=== Stored data ===

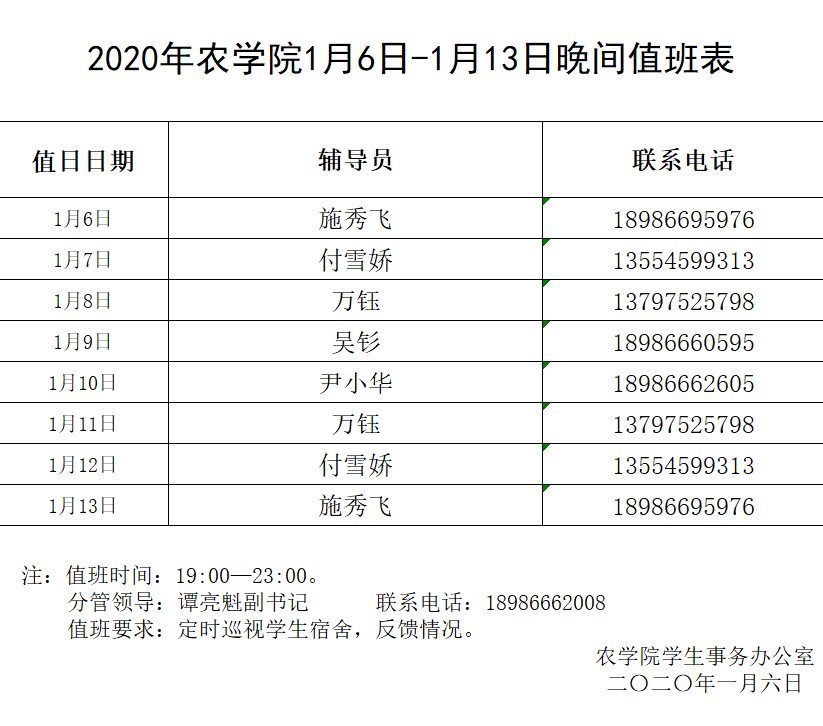 2020年M88官方网站1月6日-1月13日晚间值班表
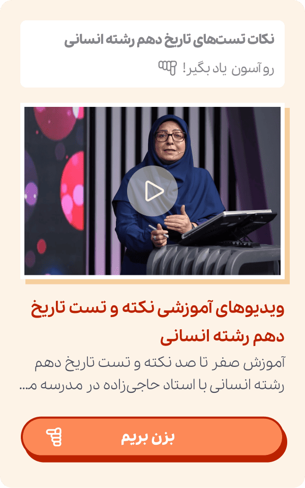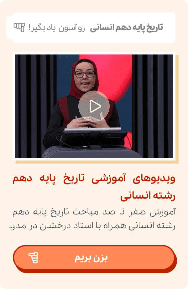 یکی از روشهای موثر برای مطالعه تاریخ دهم انسانی، استفاده از ابزارهای کمک آموزشی است. یکی از بهترین و پرکاربردترین ابزارهای کمک آموزشی، ویدیوهای آموزشی است که به دانشآموزان در درک بهتر مطالب کمک بسیار زیادی میکند. استفاده از ویدیو آموزشی تاریخ دهم انسانی به شما کمک میکند تا با تمام نکات و مطالب مهم درسی آشنا شوید و بتوانید علاوه بر یادگیری دروس، به مرور کردن آنها هم بپردازید.
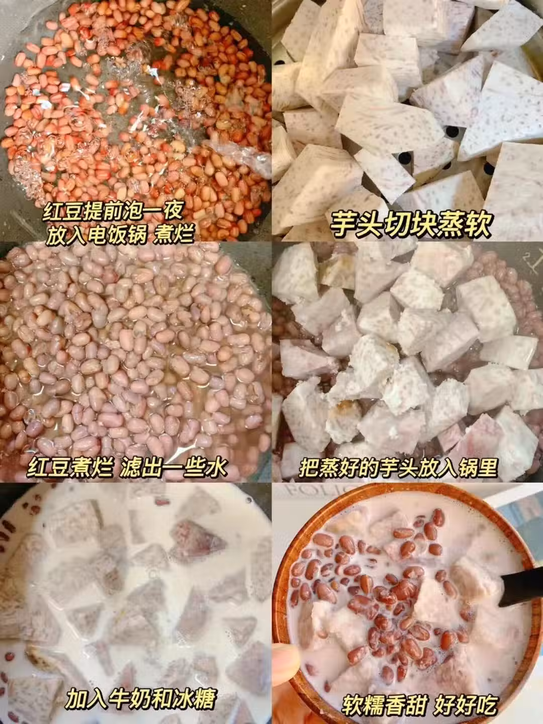 3.將蒸好的芋頭放入電飯鍋 ,再倒入牛奶和冰糖煮5分鐘 ,奶香軟糯的芋頭紅豆就出鍋了

===

* Goal of the exercise *
Write out the material exactly, excluding pictures.

* Result of the exercise *
 2020年M88官方网站1月6日-1月13日晚间值班表
 یکی از روشهای موثر برای مطالعه تاریخ دهم انسانی، استفاده از ابزارهای کمک آموزشی است. یکی از بهترین و پرکاربردترین ابزارهای کمک آموزشی، ویدیوهای آموزشی است که به دانشآموزان در درک بهتر مطالب کمک بسیار زیادی میکند. استفاده از ویدیو آموزشی تاریخ دهم انسانی به شما کمک میکند تا با تمام نکات و مطالب مهم درسی آشنا شوید و بتوانید علاوه بر یادگیری دروس، به مرور کردن آنها هم بپردازید.
 3.將蒸好的芋頭放入電飯鍋 ,再倒入牛奶和冰糖煮5分鐘 ,奶香軟糯的芋頭紅豆就出鍋了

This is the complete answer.